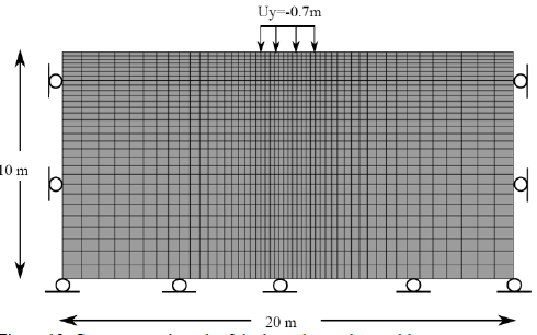 Finally, the influence of the inherent anisotropy is analyzed in a Boundary Value Problem (BVP). The problem simulates a rigid strip foundation with a width of 1 m supported by the ground surface. This analysis considers 2D finite elements under plane strain conditions. Fig 13 shows the dimension and mesh of the BVP. We assumed that the soil is dry, and therefore drained conditions under static analysis. For the sake of simplicity, the strip foundation load is simulated with the application of a vertical displacement of -0.7 m. The resulting reaction force below the foundation is analyzed to compute the ultimate bearing capacity. The BVP is repeated twice, one with parameters for vertical sedimentation axis α = 0° and the second for horizontal sedimentation axis α = 90°.
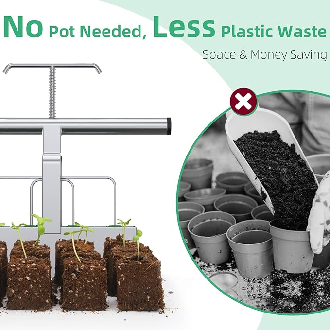 - No Pot Needed - Less Plastic Waste: Grow seeds on 2 inch soil blocks directly, reducing dependence on plastic pots or cell trays, less plastic waste; saving money and no more keep buying disposable seed container
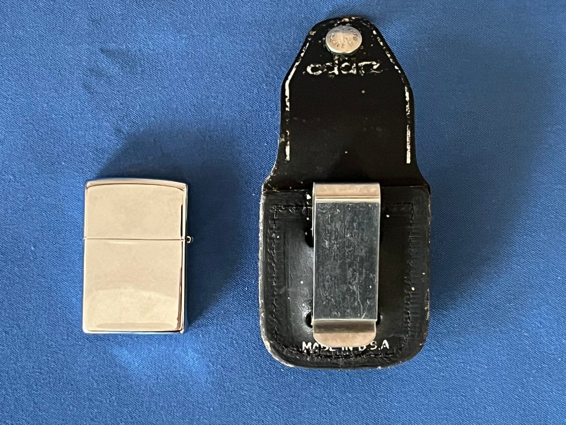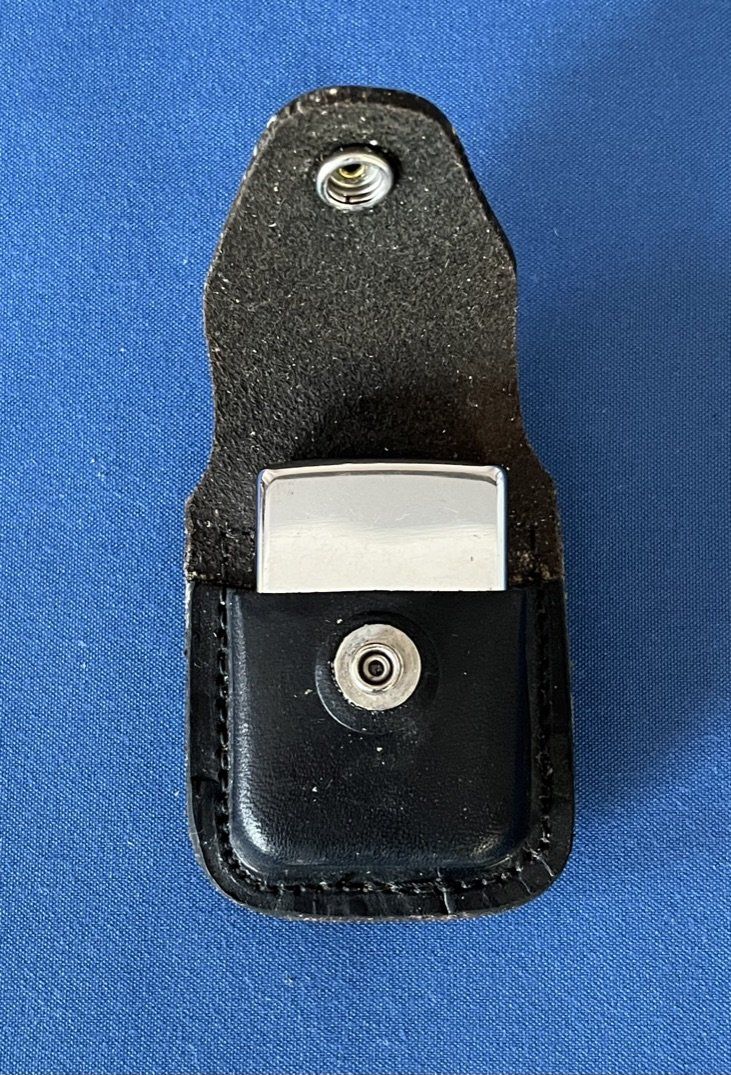 Le briquet est accompagné d'un étui porte-briquet en cuir noir conçu pour le port à la ceinture. La housse présente une patine d'usage marquée (dans son jus), témoignant de son ancienneté et de son authenticité, avec une fermeture par bouton pression fonctionnelle.
------------------------
WHAT YOU WILL DO: The answer is the full listing above, reproduced character for character, minus its images.

YOUR RESPONSE:
 Finally, the influence of the inherent anisotropy is analyzed in a Boundary Value Problem (BVP). The problem simulates a rigid strip foundation with a width of 1 m supported by the ground surface. This analysis considers 2D finite elements under plane strain conditions. Fig 13 shows the dimension and mesh of the BVP. We assumed that the soil is dry, and therefore drained conditions under static analysis. For the sake of simplicity, the strip foundation load is simulated with the application of a vertical displacement of -0.7 m. The resulting reaction force below the foundation is analyzed to compute the ultimate bearing capacity. The BVP is repeated twice, one with parameters for vertical sedimentation axis α = 0° and the second for horizontal sedimentation axis α = 90°.
 - No Pot Needed - Less Plastic Waste: Grow seeds on 2 inch soil blocks directly, reducing dependence on plastic pots or cell trays, less plastic waste; saving money and no more keep buying disposable seed container
 Le briquet est accompagné d'un étui porte-briquet en cuir noir conçu pour le port à la ceinture. La housse présente une patine d'usage marquée (dans son jus), témoignant de son ancienneté et de son authenticité, avec une fermeture par bouton pression fonctionnelle.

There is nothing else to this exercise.